**ASSIGNMENT**
Pictures are to be omitted; everything else in the data must be transcribed exactly.

**MATERIAL PROVIDED**
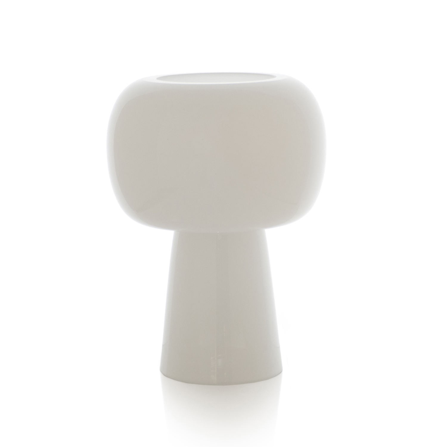 The striking form of the Basket Lamp comes to life when illuminated, showcasing a beautiful lattice pattern.
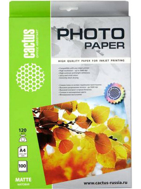 Фотобумага Cactus CS-MA4120100, A4, 120г/м2, 100л, для струйной печати, белый, покрытие матовое
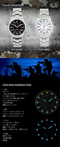 -. Feature : 全部で2色あります。こちらの商品は 01. ホワイト でございます。 / 【仕様】 駆動方式:クオーツ(Ronda社製 515 スイス製ムーブメント) 表示方式:アナログ 防水:100m防水 バックル:2重ロック式 / 【機能】 トリチウム(12個のインデックスと長針・短針・秒針) デイト(日付)カレンダー 100m防水性能 裏蓋スクリューバック / 【素材】 ケース:ステンレススティール ベルト:ステンレススティール 裏蓋:ステンレススティール 【サイズ】 ケース直径:約38mm ケース厚:約13mm 腕周り:約15.0~21.0cm 重量:約135g / 【付属品】 専用ボックス 取扱説明書(日本語) 保証書 【種別】 新品未使用 正規品 メンズウォッチ/男性用腕時計
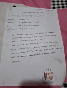 “Dari hasil pertemuan malam kemarin di saksikan beberapa warga serta PJ RW sendiri telah membuat pernyataan di atas materai tentang pengunduran diri WH.

**RESPONSE AREA**
 The striking form of the Basket Lamp comes to life when illuminated, showcasing a beautiful lattice pattern.
 Фотобумага Cactus CS-MA4120100, A4, 120г/м2, 100л, для струйной печати, белый, покрытие матовое
 -. Feature : 全部で2色あります。こちらの商品は 01. ホワイト でございます。 / 【仕様】 駆動方式:クオーツ(Ronda社製 515 スイス製ムーブメント) 表示方式:アナログ 防水:100m防水 バックル:2重ロック式 / 【機能】 トリチウム(12個のインデックスと長針・短針・秒針) デイト(日付)カレンダー 100m防水性能 裏蓋スクリューバック / 【素材】 ケース:ステンレススティール ベルト:ステンレススティール 裏蓋:ステンレススティール 【サイズ】 ケース直径:約38mm ケース厚:約13mm 腕周り:約15.0~21.0cm 重量:約135g / 【付属品】 専用ボックス 取扱説明書(日本語) 保証書 【種別】 新品未使用 正規品 メンズウォッチ/男性用腕時計
 “Dari hasil pertemuan malam kemarin di saksikan beberapa warga serta PJ RW sendiri telah membuat pernyataan di atas materai tentang pengunduran diri WH.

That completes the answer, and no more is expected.